In terms of the scale factor $$a$$ of the metric, the redshift $$z$$ is given by

$$1+z=\frac{a_{\text{now}}}{a_{\text{then}}}$$

The above equation for the redshift is derived for a scale factor $$a$$ that is merely a globally identical function of time, but it should be evident from the derivation that it actually relates the scale factors at the time/location of the emission to the time/location of the observation. We can therefore generalize the equation to

$$1+z=\frac{a_{\text{now-and-here}}}{a_{\text{then-and-there}}}$$

So as the fabric of space has not expanded in our solar system since the light was emitted by some remote galaxy (i.e. $$a_{\text{now-and-here}}=a_{\text{then-and-there}}$$), does this not mean that the light should revert to its original wavelength as soon as it enters our solar system (i.e. there should not be any cosmological redshift observed at all ($$z=0$$))? If not, why not?

• By what mechanism do you propose it should "revert"? Jul 31 at 17:18
• @ProfRob Well, by the same mechanism the causes light to go red-shifted in the regions of expanded space, i.e. by adjusting to the local metric of space (which it does for instance also when it is going past a massive object) Jul 31 at 17:48
• I think this is a really good question, and I don’t understand the downvotes.
– pela
Aug 1 at 15:53
• @pela The question suggests it shouldnt happen but it does. The Milky Way might be blueshifting but the redshifting is bigger. Thats why I downvoted. Aug 1 at 18:40
• I think the problem is that, while your first equation is true when referring to the global scale factor, your second equation is not true. Taking into account the non-homogeneous expansion of space, you really have to consider the scale factor in infinitesimal steps.

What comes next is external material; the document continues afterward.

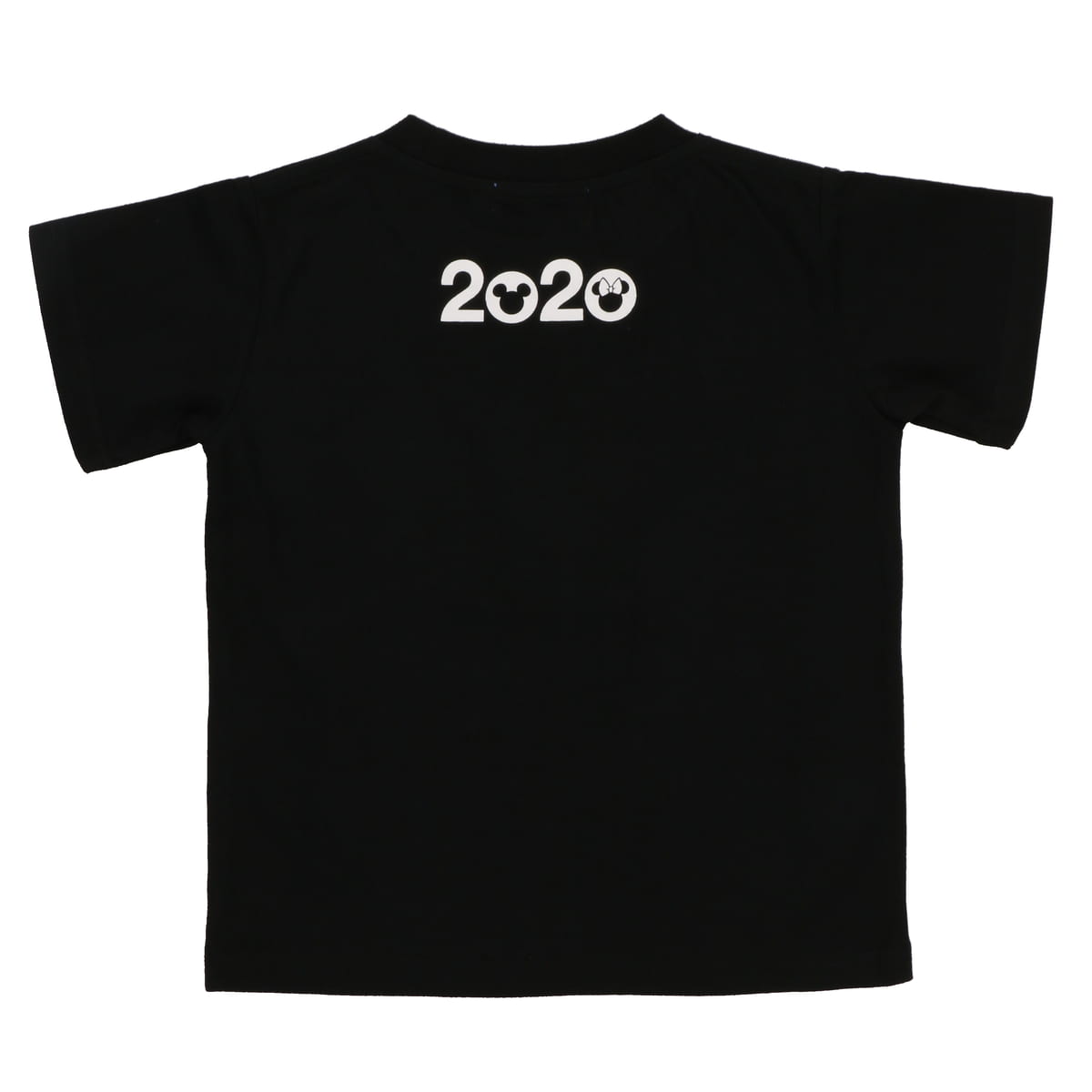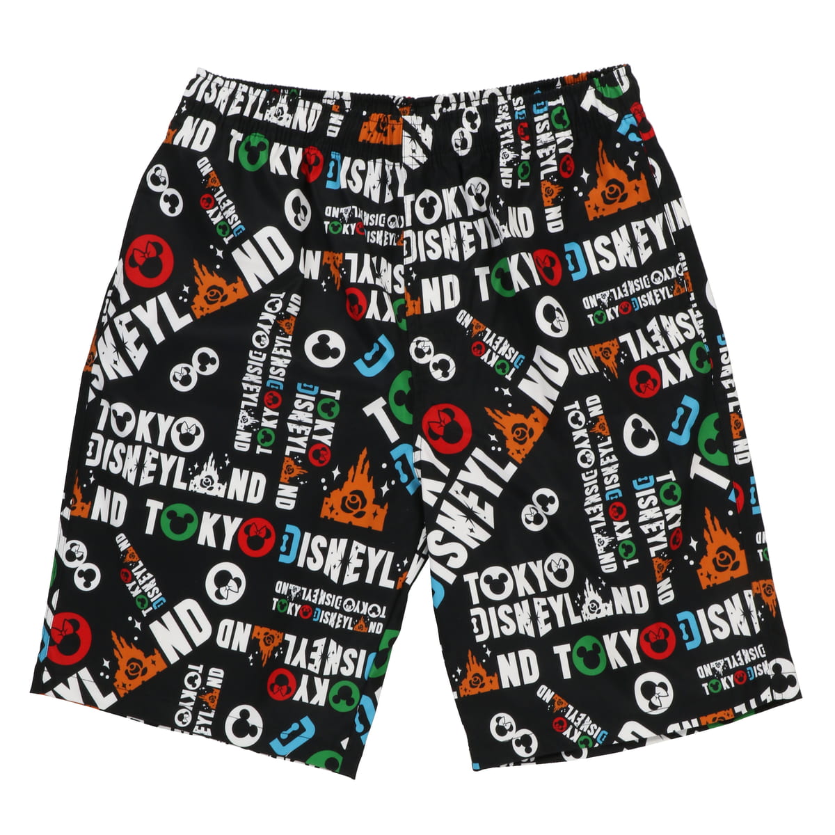 TOKYO DISEYLANDの文字に新エリアに登場するアトラクションなどのロゴがデザインされた黒色のTシャツ。

I tried recapping our discussion in the final section. I hope it makes sense now :)
– pela
Aug 3 at 10:25

tl;dr Because space doesn't contract inside our Solar System.

### Wavelength increase is proportional to space expansion

The prediction of general relativity — one of the most thoroughly tested and succesful theories — is that the wavelength of observed light changes in proportion to the factor by which space expands (Lemaître 1927).

If space expands by a factor of two while the light is traveling, its wavelength increases by a factor of two. If space contracts by a factor of two, its wavelength decreases by a factor of two. When and how fast this expansion or contraction takes place does not matter for the final wavelength.

### It doesn't matter how space expands

That means that, if you observe a photon that you know should have been emitted with an intrinsic wavelength of $$\lambda_0$$ to have a a wavelength of $$\lambda_1 = 2\lambda_0$$, you have no way of knowing — from this observation alone — whether space expanded by a factor of two continuously along the photon's way, in a rapid burst just after emission, in a series a small expansions, or even by a factor of a thousand followed by a contraction by a factor of 500. All you know is the difference between then and now.

Observing many sources at different distances and epochs, however, together with the seemingly fair assumption that space is homogeneous on larger scales, has convinced us that our Universe has expanded smoothly (although at a changing rate) during its history.

### The story of a photon

A photon traveling through a smoothly expanding Universe has its wavelength increasing continuously. Sometimes the photon enters an overdensity, e.g. a galaxy cluster, that expands at a slower rate (or maybe doesn't expand at all), and its wavelength increases less fast. Sometimes it enters a void, and its wavelength increases a little faster. But on average, it keeps increasing.

Then at some point, the photon encounters the Milky Way. As you say, space in the vicinity of the Milky doesn't expand, because the density is much larger than the average density of the Universe. At this point (actually already when it enters the Local Group) the photon's wavelength stops increasing. It even decreases a little bit due to gravitational blueshift, as the photon "falls" into the gravitational potential of the Milky Way (but it also decreased a little faster when it had to climb out of the potential of the galaxy from which it was emitted, so that's fair).

### And now to the answer

The total, observed redshift is the integral of infinitely many infinitesimally small redshifts. For each infinitesimal step $$dr$$, what matters for the infinitesimal increase in redshift $$dz$$ is the infinitesimal increase $$da$$ in the local scale.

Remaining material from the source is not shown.